Input for this task:
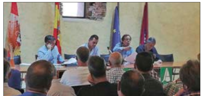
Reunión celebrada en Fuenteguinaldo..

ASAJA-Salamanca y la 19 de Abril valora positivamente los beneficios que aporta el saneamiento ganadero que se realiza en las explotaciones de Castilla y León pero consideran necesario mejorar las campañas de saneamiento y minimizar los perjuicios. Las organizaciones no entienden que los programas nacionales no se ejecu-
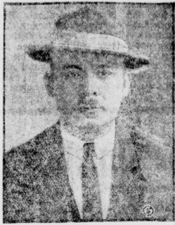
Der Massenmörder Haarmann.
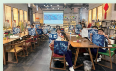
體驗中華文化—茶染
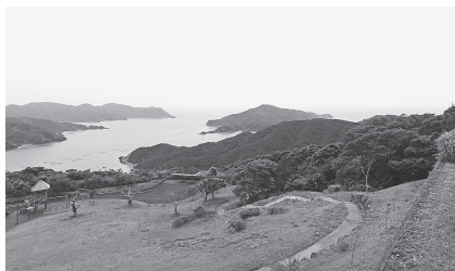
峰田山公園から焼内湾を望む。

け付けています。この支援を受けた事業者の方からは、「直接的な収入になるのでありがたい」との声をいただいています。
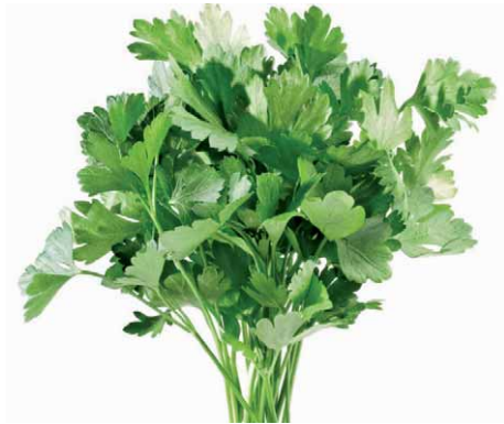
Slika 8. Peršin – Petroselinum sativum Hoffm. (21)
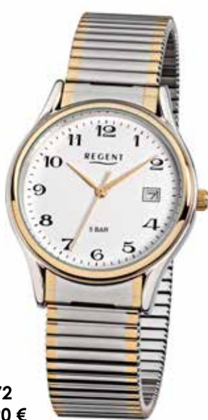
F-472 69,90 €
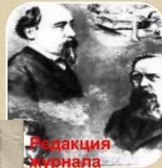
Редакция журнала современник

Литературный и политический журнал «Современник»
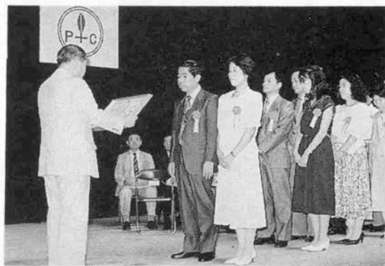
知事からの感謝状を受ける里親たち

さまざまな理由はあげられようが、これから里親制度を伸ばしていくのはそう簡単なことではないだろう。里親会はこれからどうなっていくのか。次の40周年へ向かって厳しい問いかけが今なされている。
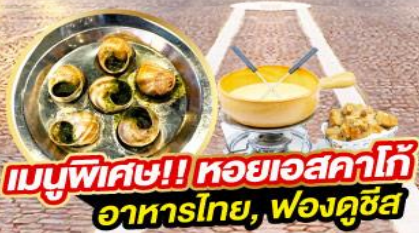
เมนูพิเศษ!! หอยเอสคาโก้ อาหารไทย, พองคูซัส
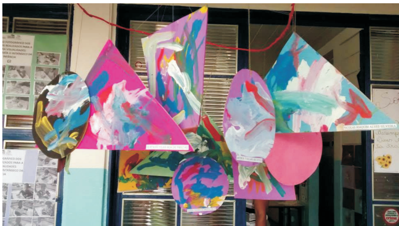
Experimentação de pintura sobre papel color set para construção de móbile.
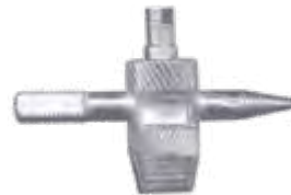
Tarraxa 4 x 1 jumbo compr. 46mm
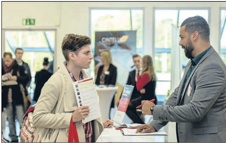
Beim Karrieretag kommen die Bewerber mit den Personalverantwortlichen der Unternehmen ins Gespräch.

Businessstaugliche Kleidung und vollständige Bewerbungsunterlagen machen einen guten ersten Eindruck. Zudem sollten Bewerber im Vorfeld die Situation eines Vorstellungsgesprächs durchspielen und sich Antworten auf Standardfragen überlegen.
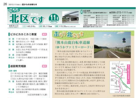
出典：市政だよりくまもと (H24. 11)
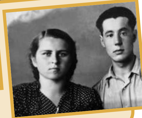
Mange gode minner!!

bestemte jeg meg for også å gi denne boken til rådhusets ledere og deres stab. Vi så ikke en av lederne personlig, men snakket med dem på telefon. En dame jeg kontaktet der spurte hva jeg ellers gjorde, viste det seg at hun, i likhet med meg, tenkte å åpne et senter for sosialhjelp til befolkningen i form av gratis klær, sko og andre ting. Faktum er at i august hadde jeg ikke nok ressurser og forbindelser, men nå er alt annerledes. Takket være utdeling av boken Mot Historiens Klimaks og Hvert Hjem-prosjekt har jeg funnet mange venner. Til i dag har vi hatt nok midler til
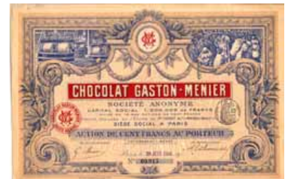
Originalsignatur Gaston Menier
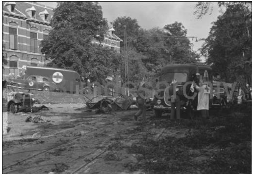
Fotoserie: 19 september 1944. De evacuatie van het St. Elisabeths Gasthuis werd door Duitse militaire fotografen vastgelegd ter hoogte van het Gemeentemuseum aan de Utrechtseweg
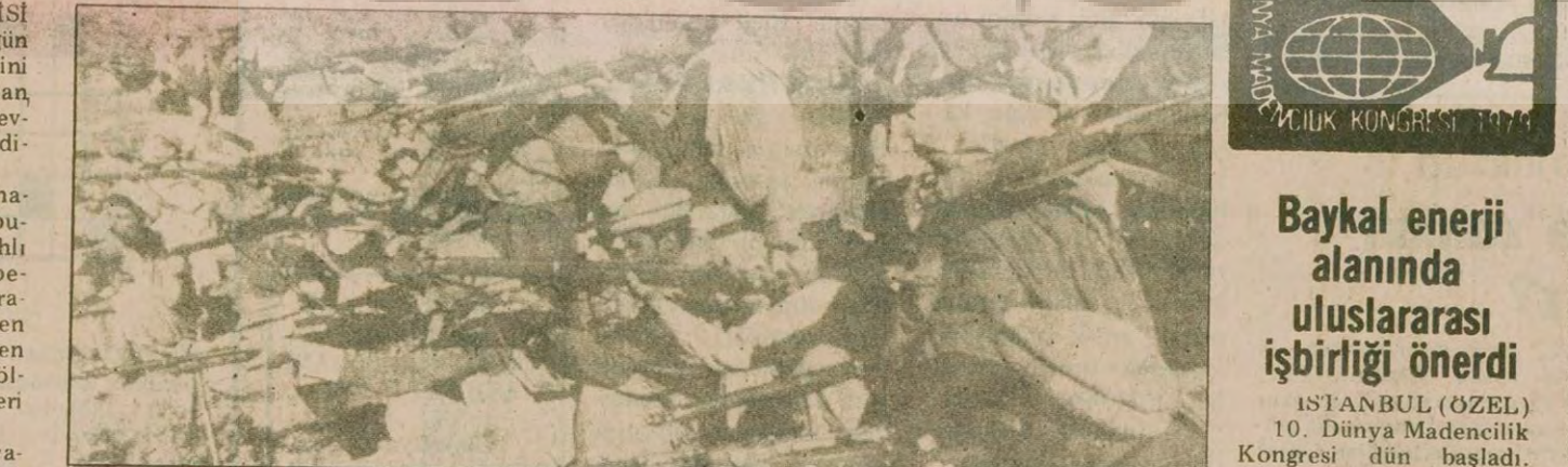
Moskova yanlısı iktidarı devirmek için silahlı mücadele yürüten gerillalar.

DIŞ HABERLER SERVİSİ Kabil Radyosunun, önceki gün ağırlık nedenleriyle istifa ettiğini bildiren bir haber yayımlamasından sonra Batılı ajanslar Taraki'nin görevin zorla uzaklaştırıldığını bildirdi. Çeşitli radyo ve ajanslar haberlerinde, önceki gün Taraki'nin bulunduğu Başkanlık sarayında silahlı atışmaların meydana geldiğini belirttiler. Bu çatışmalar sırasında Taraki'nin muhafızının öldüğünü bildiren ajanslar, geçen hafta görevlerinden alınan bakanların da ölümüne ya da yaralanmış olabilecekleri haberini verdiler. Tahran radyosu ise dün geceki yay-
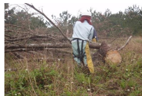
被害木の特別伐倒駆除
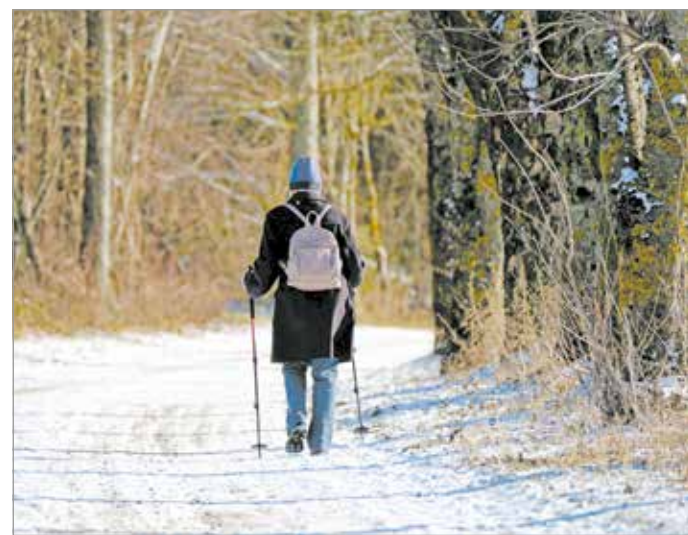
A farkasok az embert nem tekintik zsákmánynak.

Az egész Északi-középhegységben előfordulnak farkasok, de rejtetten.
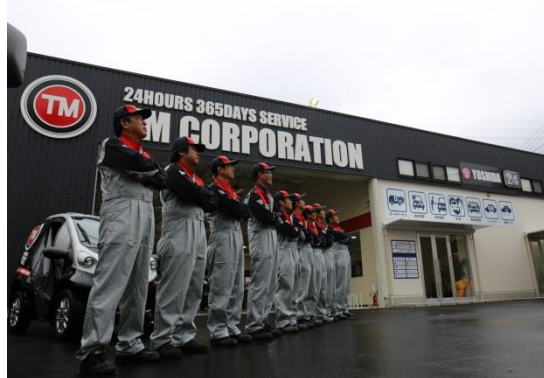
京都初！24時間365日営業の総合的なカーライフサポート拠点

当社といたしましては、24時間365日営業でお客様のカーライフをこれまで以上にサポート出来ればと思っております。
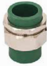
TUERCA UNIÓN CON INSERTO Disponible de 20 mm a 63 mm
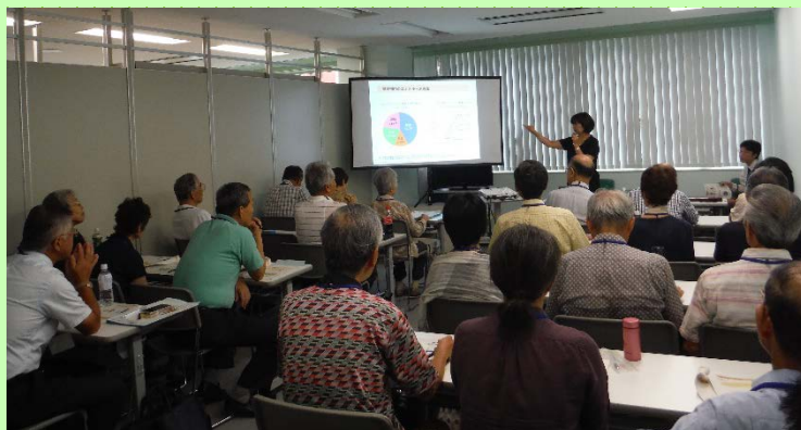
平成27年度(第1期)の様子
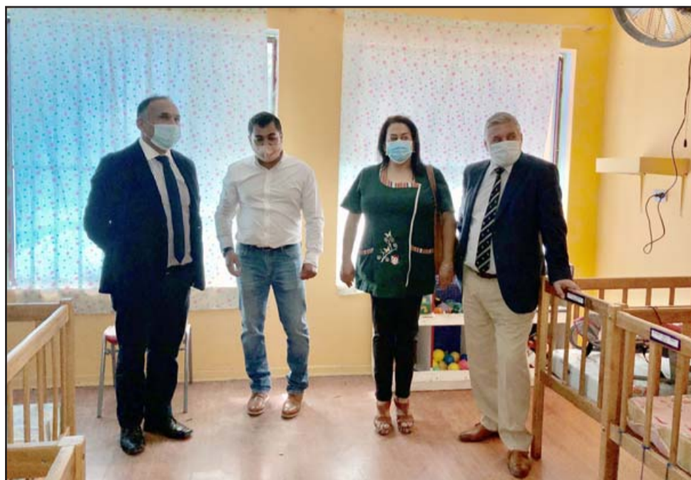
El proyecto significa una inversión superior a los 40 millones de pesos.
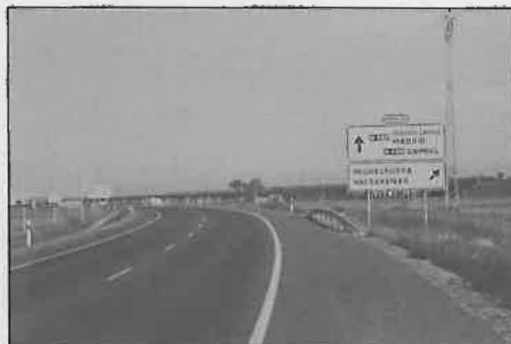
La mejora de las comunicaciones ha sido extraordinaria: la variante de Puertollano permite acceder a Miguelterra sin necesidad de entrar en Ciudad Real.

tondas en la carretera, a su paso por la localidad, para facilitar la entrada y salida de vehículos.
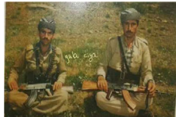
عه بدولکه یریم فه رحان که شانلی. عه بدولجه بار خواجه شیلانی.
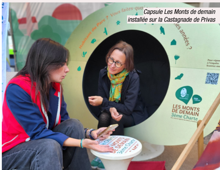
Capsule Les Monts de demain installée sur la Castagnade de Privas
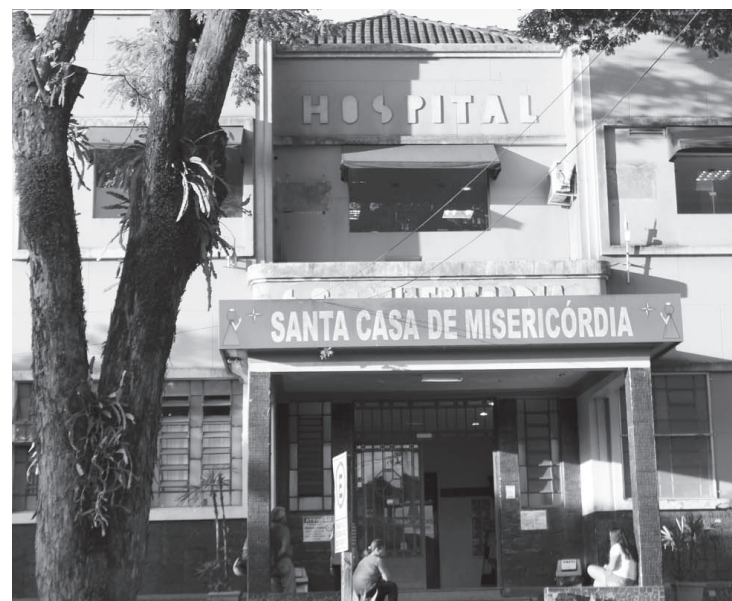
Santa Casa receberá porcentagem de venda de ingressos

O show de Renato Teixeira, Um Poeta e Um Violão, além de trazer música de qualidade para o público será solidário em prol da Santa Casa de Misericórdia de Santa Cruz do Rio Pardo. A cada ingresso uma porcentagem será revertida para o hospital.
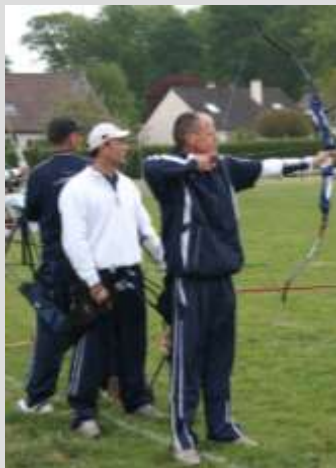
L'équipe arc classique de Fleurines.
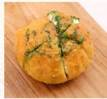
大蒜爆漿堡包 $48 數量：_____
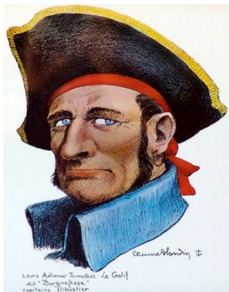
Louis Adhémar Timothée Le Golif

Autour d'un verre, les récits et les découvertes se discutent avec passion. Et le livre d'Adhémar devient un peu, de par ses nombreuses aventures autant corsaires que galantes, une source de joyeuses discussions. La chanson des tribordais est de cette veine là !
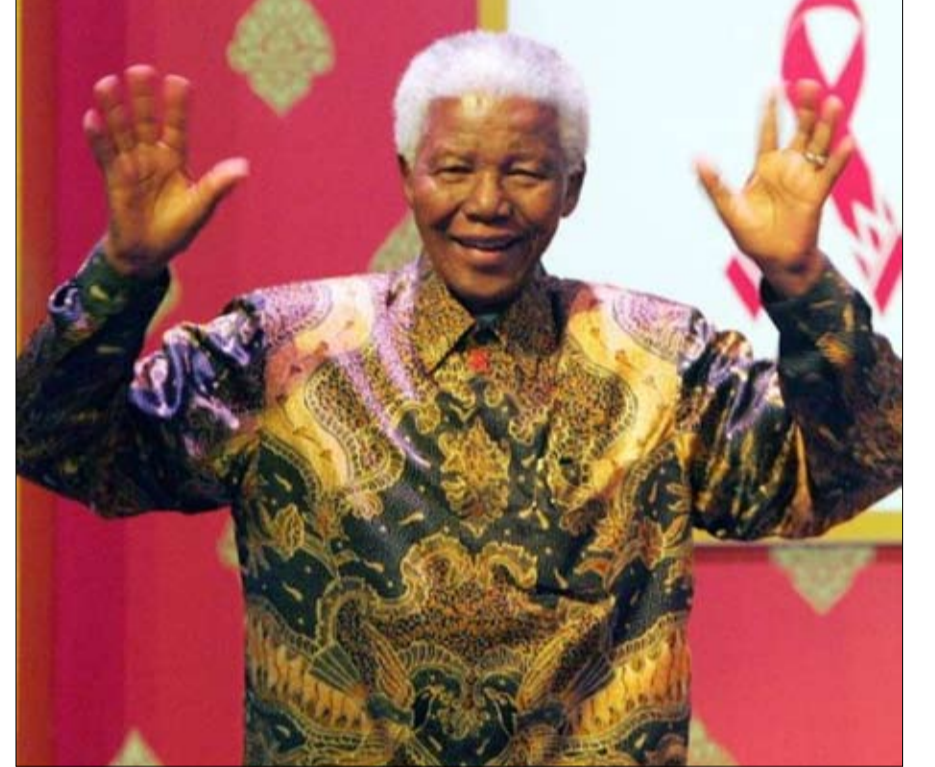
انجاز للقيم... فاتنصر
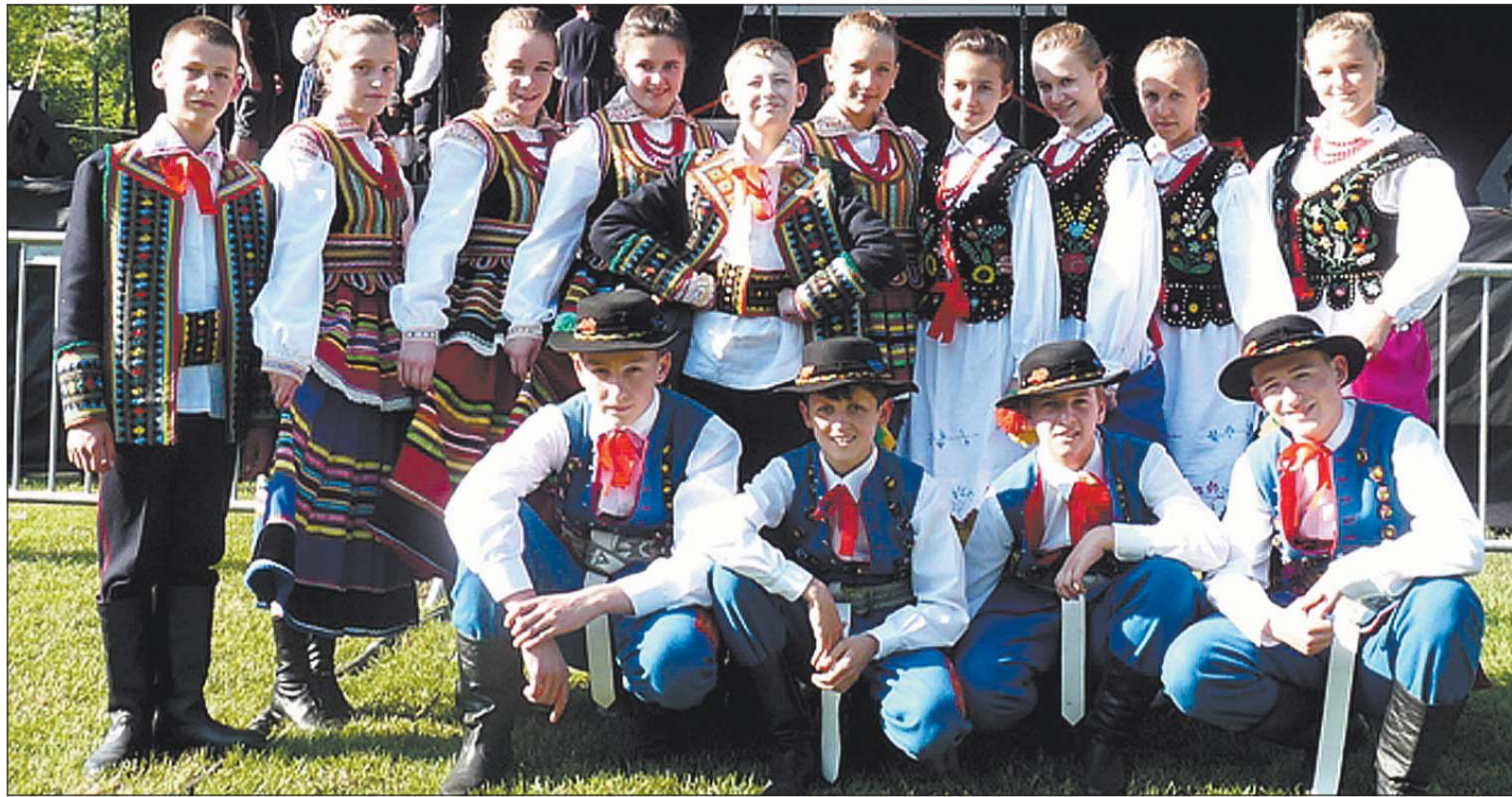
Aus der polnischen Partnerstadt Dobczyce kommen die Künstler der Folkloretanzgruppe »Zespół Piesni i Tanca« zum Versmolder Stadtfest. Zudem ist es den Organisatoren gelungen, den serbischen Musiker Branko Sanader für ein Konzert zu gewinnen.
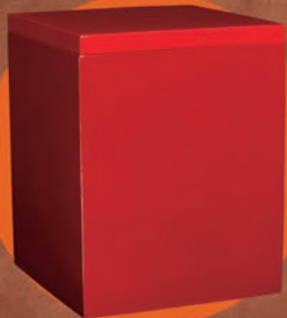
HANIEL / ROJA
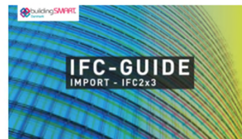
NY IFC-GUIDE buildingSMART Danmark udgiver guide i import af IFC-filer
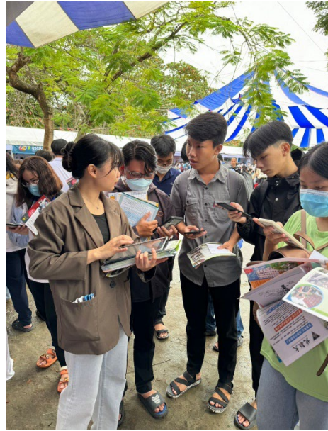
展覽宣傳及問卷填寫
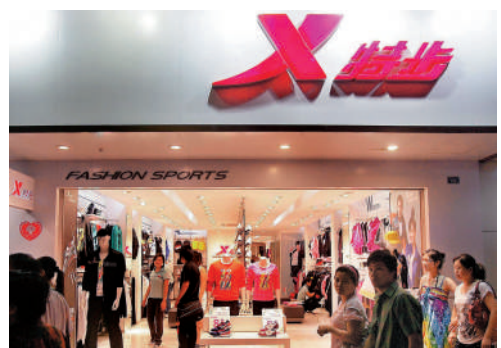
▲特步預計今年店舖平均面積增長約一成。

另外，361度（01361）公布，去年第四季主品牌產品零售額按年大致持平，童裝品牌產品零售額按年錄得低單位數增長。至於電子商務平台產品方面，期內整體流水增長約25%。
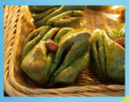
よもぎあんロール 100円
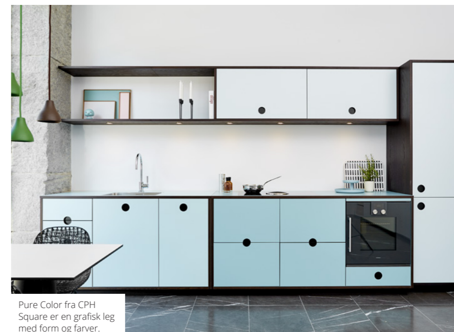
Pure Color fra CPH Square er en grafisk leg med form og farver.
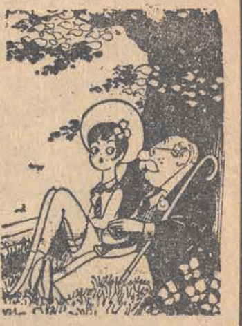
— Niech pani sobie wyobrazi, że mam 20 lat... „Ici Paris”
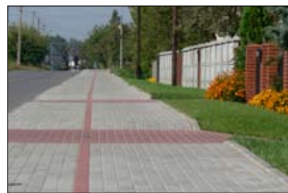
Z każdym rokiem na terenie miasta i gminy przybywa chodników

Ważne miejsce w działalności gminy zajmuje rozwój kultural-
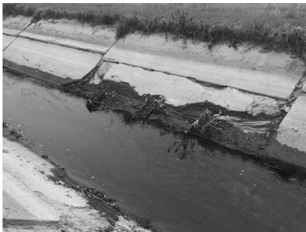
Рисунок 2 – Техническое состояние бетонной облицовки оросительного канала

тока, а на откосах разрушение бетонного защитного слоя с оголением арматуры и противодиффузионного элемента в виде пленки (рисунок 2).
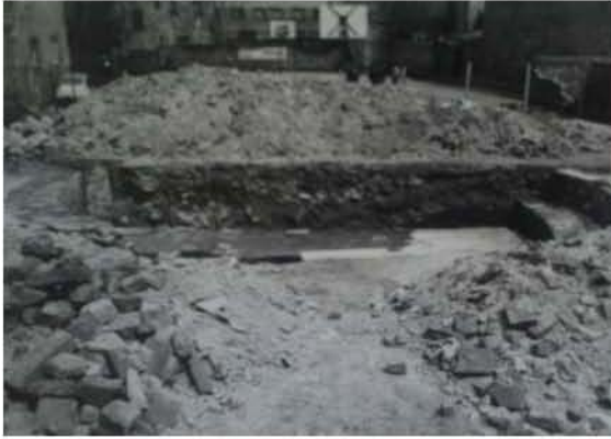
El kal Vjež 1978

Work item: Starting at the line that contains "Pure Color fra", transcribe every line through the end of the listing exactly, including both end lines and excluding pictures.

Answer to the problem:
Pure Color fra CPH Square er en grafisk leg med form og farver.
— Niech pani sobie wyobrazi, że mam 20 lat... „Ici Paris”
Z każdym rokiem na terenie miasta i gminy przybywa chodników

Ważne miejsce w działalności gminy zajmuje rozwój kultural-
Рисунок 2 – Техническое состояние бетонной облицовки оросительного канала

тока, а на откосах разрушение бетонного защитного слоя с оголением арматуры и противодиффузионного элемента в виде пленки (рисунок 2).
El kal Vjež 1978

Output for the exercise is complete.